Each of the three rows corresponds to a different concentration of greenhouse gas in the atmosphere. That, in turn, rests on all sorts of things, from political leadership to energy technology to gross domestic product. Rather than try to predict which outcome will actually transpire, the IPCC instead calculates outcomes for numerous possible social paths (called SRES scenarios
278
), of which three are shown here. The first outcome (top row) may be described as a highly globalized world, with population stabilizing by midcentury and an aggressive transition to a modern information and service economy. This scenario (known to climate scientists as “B1”) is labeled “optimistic” on the figure.
279
The second outcome also assumes a stabilizing population and fast adoption of new energy technologies, but with a balance of fossil and nonfossil fuels. That future (called “A1B” by climate scientists) is labeled “moderate.” The third outcome assumes a very divided world with high population growth, slower economic development, and slow adoption of new energy technology. This future (called “A2”) is labeled “pessimistic.”

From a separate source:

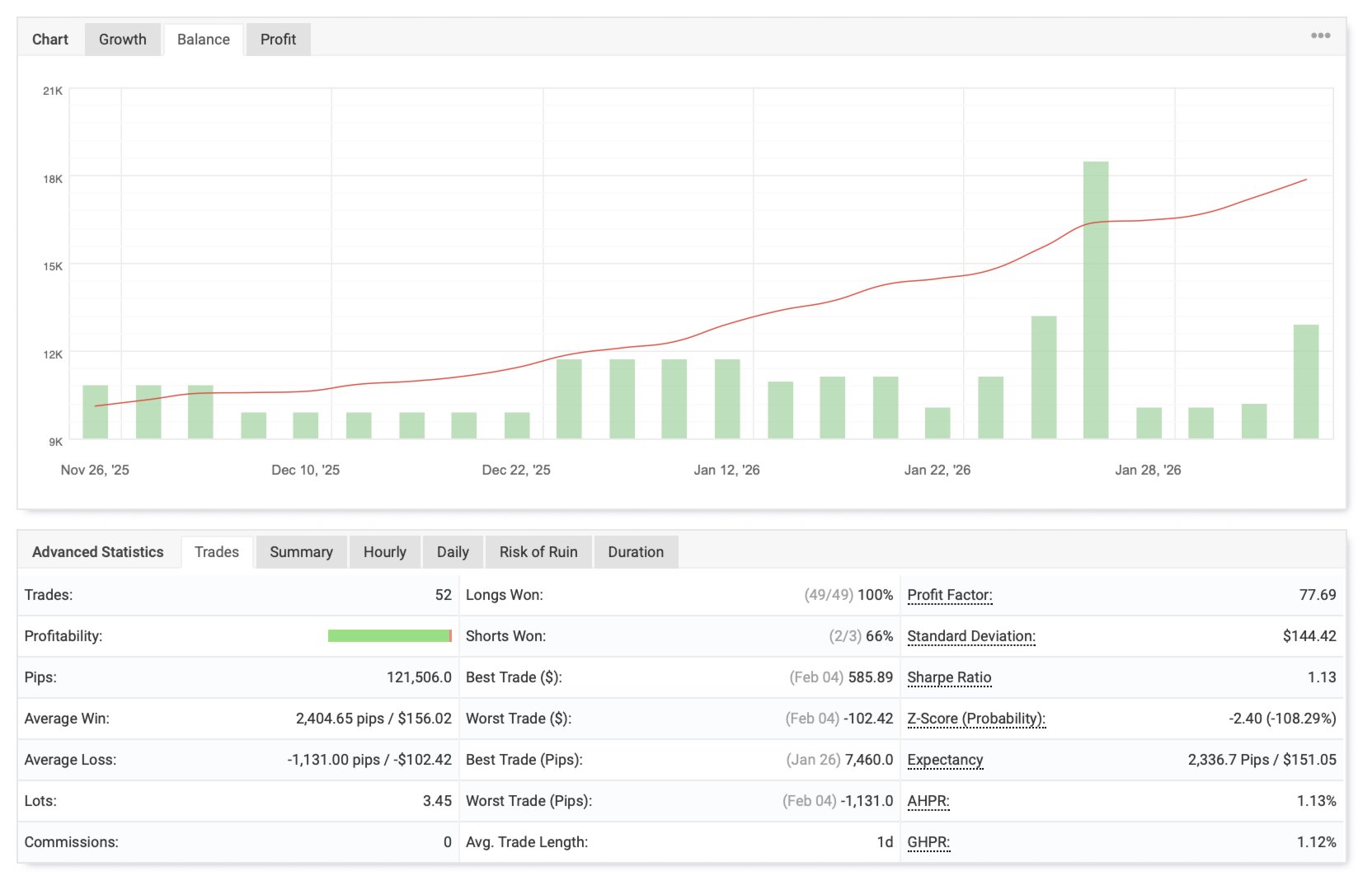 - Statistische Überwachung: Das System sammelt automatisch Daten über Handelsaktivitäten, wendet statistische Analysen auf historische Trades an und nutzt die daraus resultierenden Schlussfolgerungen, um zukünftige Entscheidungen zu treffen. Auf diese Weise erhält der Expert Advisor eine objektive Bewertung seiner Leistung und kann seine Strategien anpassen, um die Wirksamkeit der oben beschriebenen Handelsmethoden zu verbessern.

The third important fact about global climate change is revealed by comparing these three rows of maps. They show that, regardless of technology path, we are already locked in to some degree of warming; but by century’s end, the actions or inactions taken now to curb greenhouse gas emissions really will matter enormously. By 2080-2099 the “pessimistic” world is indeed a cauldron compared to the “optimistic” one, with temperatures rising 3.5°-5.0°C (9°F) across the conterminous United States, Europe, and China, rather than 2.0°-2.5°C (4.5°F). While these numbers may seem small, in fact there is a huge difference between the two outcomes. A 2.5°C rise in average annual temperature is actually huge, equivalent to the difference between a record cool and record warm year in New York City. So even in the “optimistic” world, what is today considered an extreme warm year in New York will become the norm; and the new extremes will be unlike anything New Yorkers have ever seen.

The “pessimistic” numbers are even more alarming. They approach the magnitude of average temperature contrast between the world of today and the world of twenty thousand years ago during the last ice age, when global temperatures averaged about 5°C (9°F) cooler. Many areas of North America and Europe were under ice, sea levels were more than 100 meters (330 feet) lower, and Japan was actually connected to the Asia mainland.
280

All of these maps are conservative in that they awaken no hidden “climate genies” that give climate scientists nightmares.
281
Instead, they chart out the plain vanilla, predictable intensification of the greenhouse effect, covering a realistic range of options lying well within control of human choices.